Denis Dzidic BIRN BiH Sarajevo

Journalists from Bosnia and Herzegovina have expressed outrage at the new Regulations on access to information within the Bosnian State Court, through which the media can only get ten minutes of footage of audio or video material from trials.

Branka Kusmuk, a journalist of the Radio and Television station of Republika Srpska, believes the new rules tremendously restrict the electronic media when it comes to reports from trials. "I was really surprised by this decision. I cannot imagine what could be the reason for these restrictions and making changes in something that has functioned for years," said Kusmuk.

Kusmuk added that thanks to the audio and video material it was possible to check what happened in the courtroom. "Let the Court now assume responsibility for any errors in the reports of journalists from the trial," she explains.

Irena Antic, from the Federation of Bosnia and Herzegovina radio station, agrees with this stance and claims that the regulation "is not welcome."

"This greatly complicates our jobs in making radio shows and it makes it difficult to work in all electronic media. The decision will make it impossible to hear an authentic witness remembering certain crimes," Antic said.

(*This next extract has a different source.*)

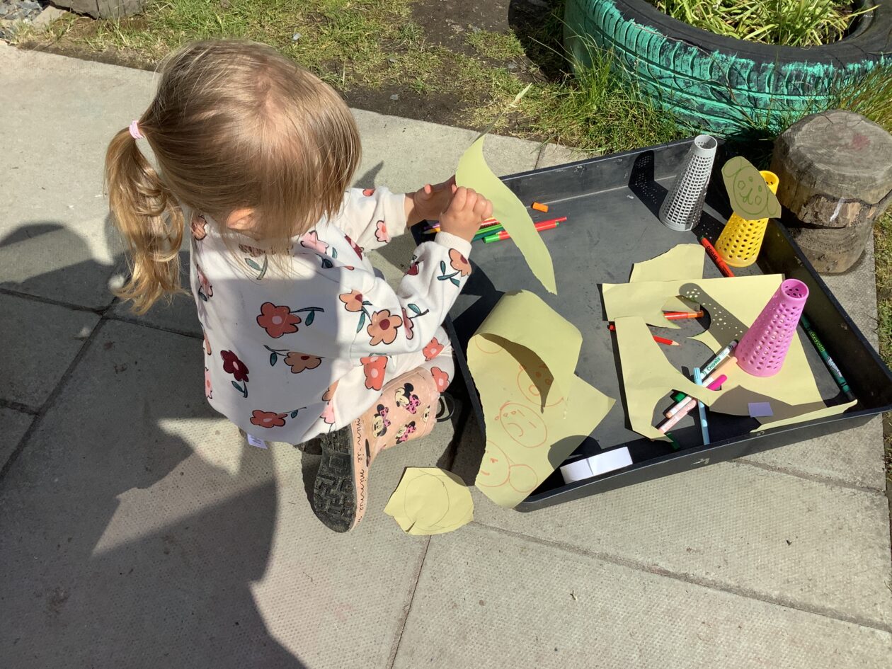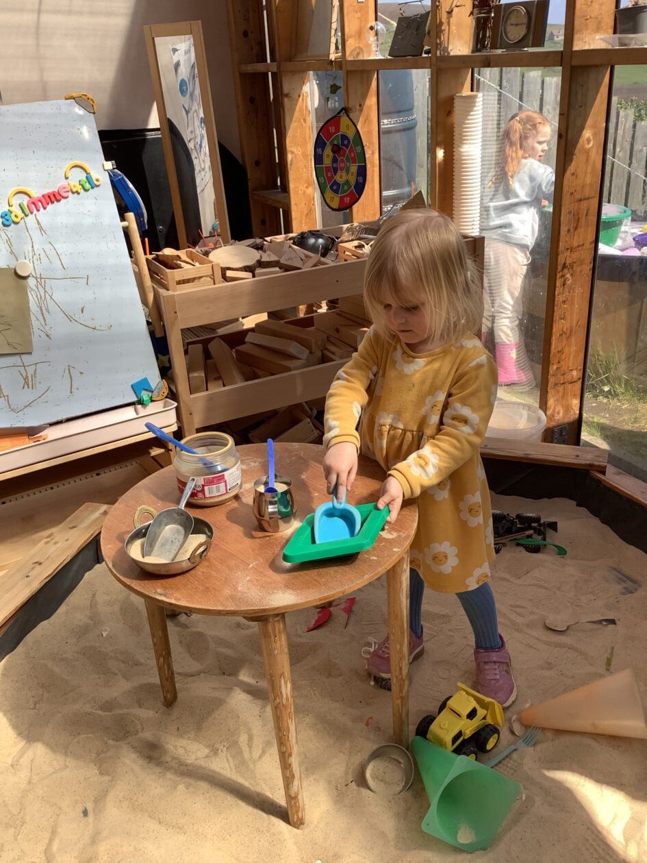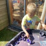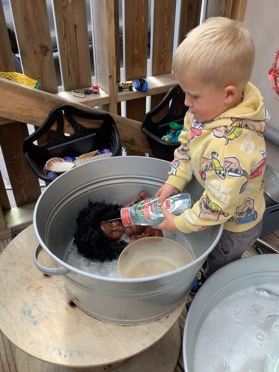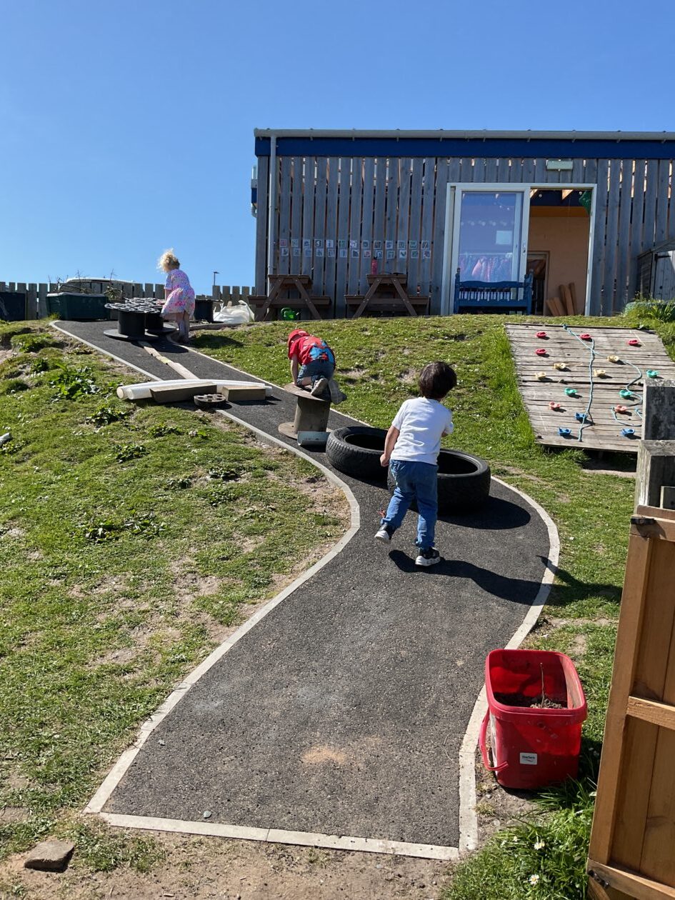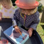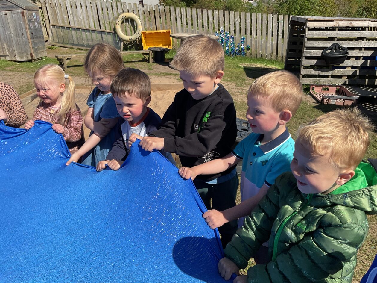 The bairns have been experimenting with different ways to slide down the steep hill in the garden. They have used cardboard, cushions, carpet tiles and slithery breeks! We have also seen lots of engagement with water play and managed to get the solar fountain working as the sun made a bit of a reappearance. We headed to the playpark one afternoon too and the bairns played chasing games, spun on the swings, tried to walk up the slide and got wobbly as jelly on a plate.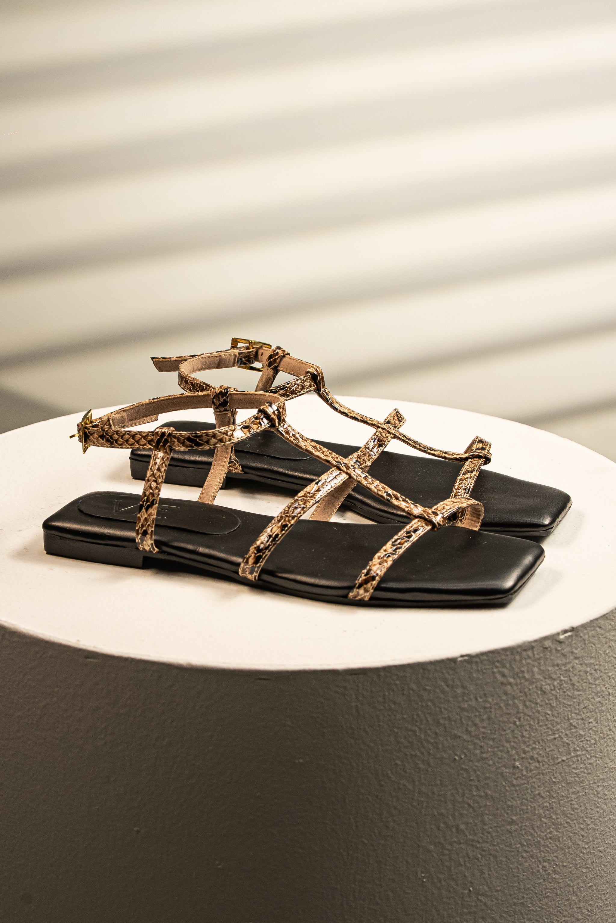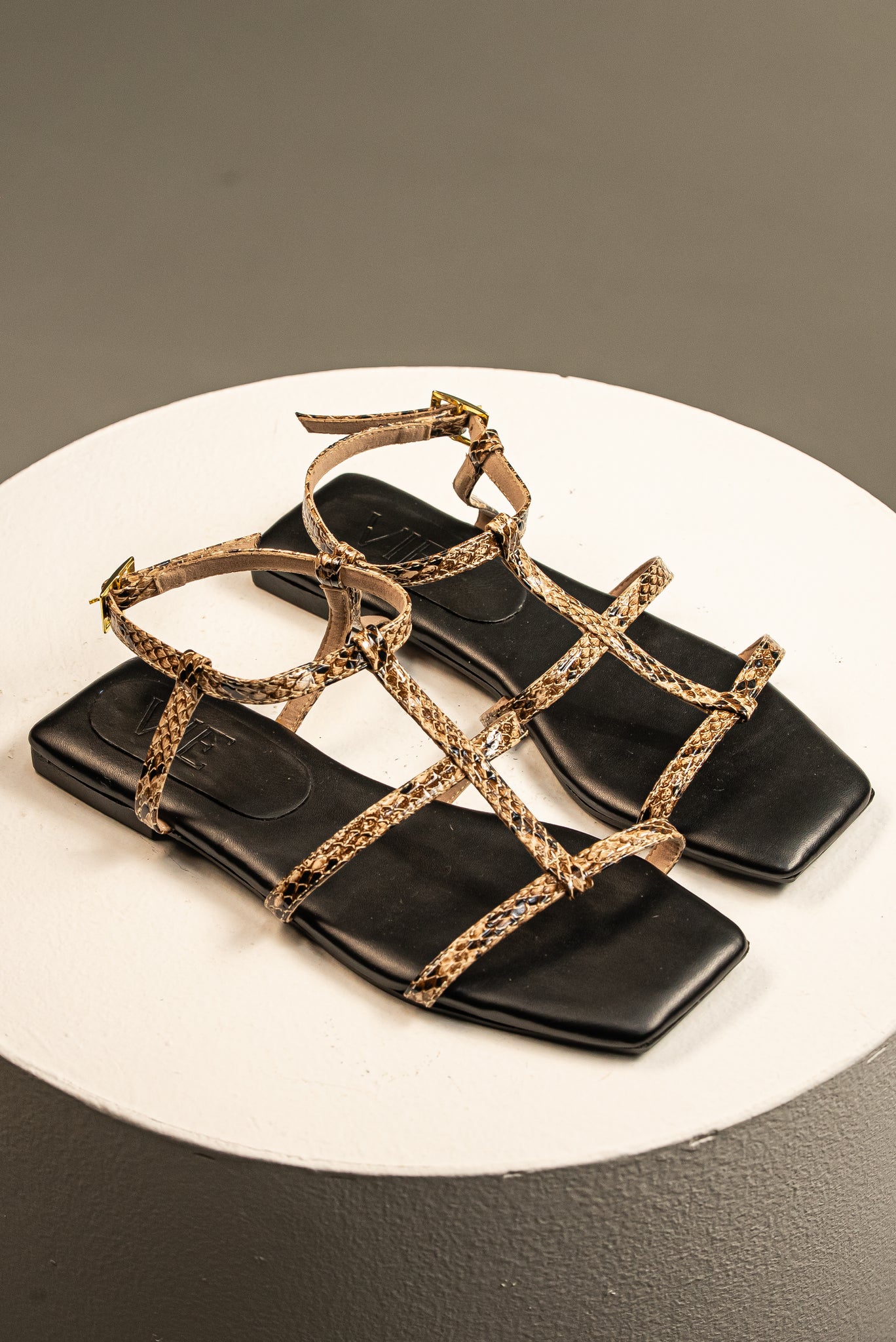 Un diseño audaz que combina la tendencia de la punta cuadrada con el toque exótico del estampado de serpiente en las tiras. Esta sandalia plana strappy presenta una base negra elegante que hace que el print se destaque sutilmente. Su correa ajustable al tobillo garantiza soporte y la convierte en el calzado perfecto para darle un giro salvaje y moderno a tus outfits casuales o semi-formales.

The Bosnian State Court has adopted a "Regulation on the implementation of access to information under the control of the court and co-operation with the community," according to which the media can only get ten minutes of footage in audio or video form from a trial.

Nenad Trbic, editor of Alternative TV from Banja Luka, explains that the testimonies of victims and witnesses will not be heard through media, considering that nothing happens in the first ten minutes in the courtroom, other than procedural issues.

"I think it’s a scandalous decision, which specifically refers to television or electronic media. This is simply discrimination of the electronic media which cannot function without statements and footage. The point is that viewers, or the public, which want to know what happened in the courtroom through us, will not be able to do," said Trbic.

Radan Skipina, a journalist of the Radio and Television Station of Republika Srpska, also believes that the public will be deprived due to the inability to obtain audio and video material from the courtrooms. "Until now we could use witness statements, our listeners could hear what they say or what lawyers say," said Skipina.

Sergej Abramov, Novi List journalist, explains that in Croatia cameras can record trials before the courts when they are given special permission by the court president.

"The trial of Ivo Sanader on the first day went live on all major TV stations in Croatia. TV cameras enter first, if they obtain a permit and can stay until the end of the hearing. In some cases, the court gives their videos to media, if there is great public interest," said Abramov.

Benjamin Butkovic, editor within BHTV believes that "any attempt to deny freedom of journalistic expression, is a step towards the introduction of censorship."

The decision of the Court, he said, can be regarded as pressure on journalists. "The court has the ability to close a public hearing if it determines they need to protect elements of the judicial process and I think this is a sufficient mechanism," said Butkovic.

According to Zeljko Tica, editor of the Federal Television, this move by the Court is unacceptable.

"I think it is absolutely unacceptable that the Court has adopted these regulations regarding the issuance of audio and video materials. We cannot interpret it any differently than the Court standing on the side of accused persons, "said Yew.

According to the new regulations of the Court, the creation of specialised programs on radio and television is impossible. The only possibility is, as stated in the Regulations, that the Court "develops concept and content," and realises it in co-operation with the Public Broadcasting Service.

"The court takes on editorial policy. The Court seems to want to deal with journalism, "said Tica.

According to Mirela Hukovic-Hodzic, a journalist of BH Radio 1, the new rules of the Court are a bad move that threatens the public's right to know.

"Censorship in every sense is bad," she said, and reflected on the practice of The Hague Tribunal, according to which all have "adequate access to information."